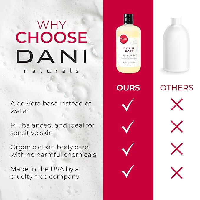 - ● No Harsh Chemicals: DANI Naturals Moisturizing Body Wash is vegan, pH balanced, and free from parabens, phthalates, and other harsh chemicals. Non-toxic and proudly crafted in the USA, it’s a gentle and effective choice for your daily skincare routine.
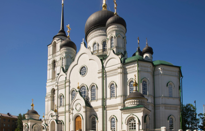 Благовещенского кафедрального собора — одного из самых крупных православных храмов России, символизирующего духовное возрождение города.
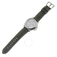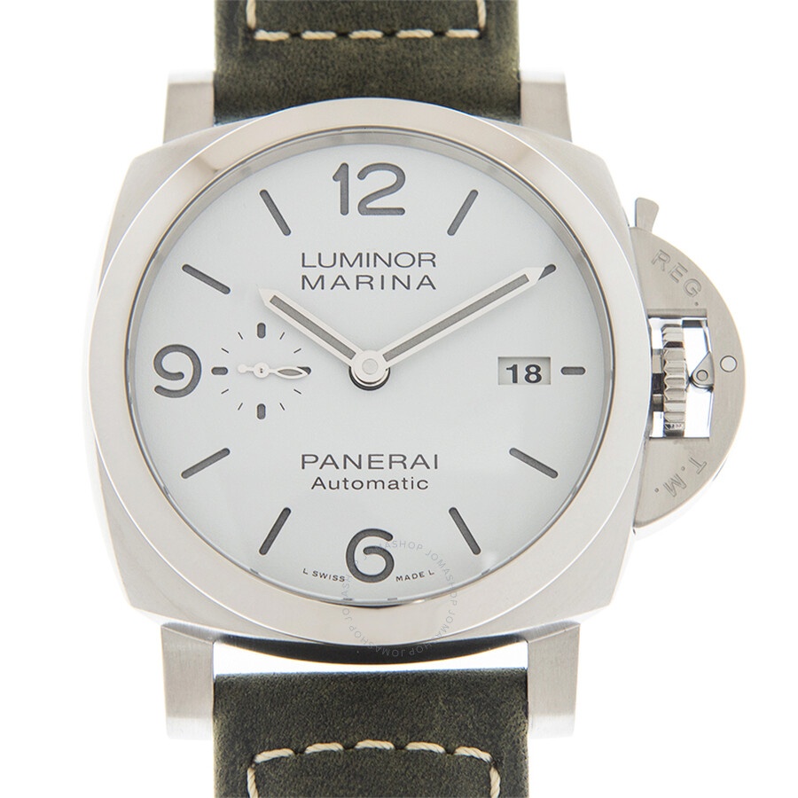 Stainless steel case with a scamosciato Green leather strap. Fixed stainless steel bezel. White dial with luminous silver-tone hands and index hour markers. Arabic numerals appear at the 6, 9 and 12 o'clock positions. Dial Type: Analog. Luminescent hands and markers. Date display at the 3 o'clock position. Small seconds sub-dial at the 9 o'clock position. Panerai calibre P.9010 automatic movement, containing 31 Jewels, composed of 200 parts, bitting at 28800 vph, and has a power reserve of approximately 72 hours. Scratch resistant sapphire crystal. Screw down crown. Solid case back. Cushion case shape, case size: 44 mm. Tang clasp. Water resistant at 300 meters / 1000 feet. Functions: date, hour, minute, small second. Additional Info: original box, manual (complete accessories). Luminor Series. Luxury watch style. Watch label: Swiss Made. Panerai Luminor Marina Automatic White Dial Men's Watch PAM01314. INFORMATION Brand: Panerai Series: Luminor Collection Name: Luminor Gender: Mens Model: PAM01314 Watch Label: Swiss Made Movement: Automatic Engine: Panerai Calibre P.9010 Power Reserve: 72 hours CASE Case Size: 44 mm Case Material: Stainless Steel Case Shape: Cushion Case Back: Solid BAND Band Material: Leather Band Type: Strap Band Color: Green Clasp: Tang DIAL Dial Color: White Type: Analog Crystal: Scratch Resistant Sapphire Hands: Luminous Silver-tone Dial Markers: Index Second Markers: Arabic Numerals appear at the 6, 9 and 12 o'clock positions Sub Dials: Small Seconds at the 9 o'clock positions Luminiscence: Hands and Markers Bezel: Fixed Bezel Color: Silver-tone Bezel Material: Stainless Steel Crown: Screw Down FEATURES Water Resistance: 300 meters / 1000 feet Calendar: Date display at the 3 o'clock position Functions: Date, Hour, Minute, Small Second Watch Features: Stainless Steel, Leather, Analog ADDITIONAL INFO Watch Style: Luxury Warranty: 2 Year Jomashop Warranty Additional Info: Original Box, Manual (Complete Accessories) Jomashop Sku: PAM01314 Department: Watches Category: Watches
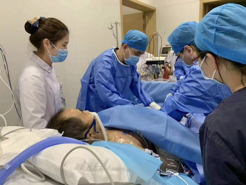 除了主动脉夹层手术,近期该科还对血流动力学不稳定的高危肺动脉栓塞患者进行肺动脉取栓和ECMO支持治疗,对3.6kg的婴幼儿进行先天性心脏病的矫治手术,为心脏肿瘤患者进行急诊手术等。此外,该科还积极参与救治新冠感染患者,成功为80岁患有冠心病、心功能不全的新冠肺炎患者进行俯卧位治疗,患者的氧饱和度从不足90%提升到近100%,免受插管之苦。科室医生护士顶着发烧头痛坚持在岗,完成繁重的重症患者抢救工作,有的医护人员连轴值班24小时,坚持了4天4夜。
* * * * * * * * *
- What is being asked -
Skip the pictures, please, and transcribe only the lines from the beginning of the material through the one that contains "Благовещенского кафедрального собора".

- Answer area -
 - ● No Harsh Chemicals: DANI Naturals Moisturizing Body Wash is vegan, pH balanced, and free from parabens, phthalates, and other harsh chemicals. Non-toxic and proudly crafted in the USA, it’s a gentle and effective choice for your daily skincare routine.
 Благовещенского кафедрального собора — одного из самых крупных православных храмов России, символизирующего духовное возрождение города.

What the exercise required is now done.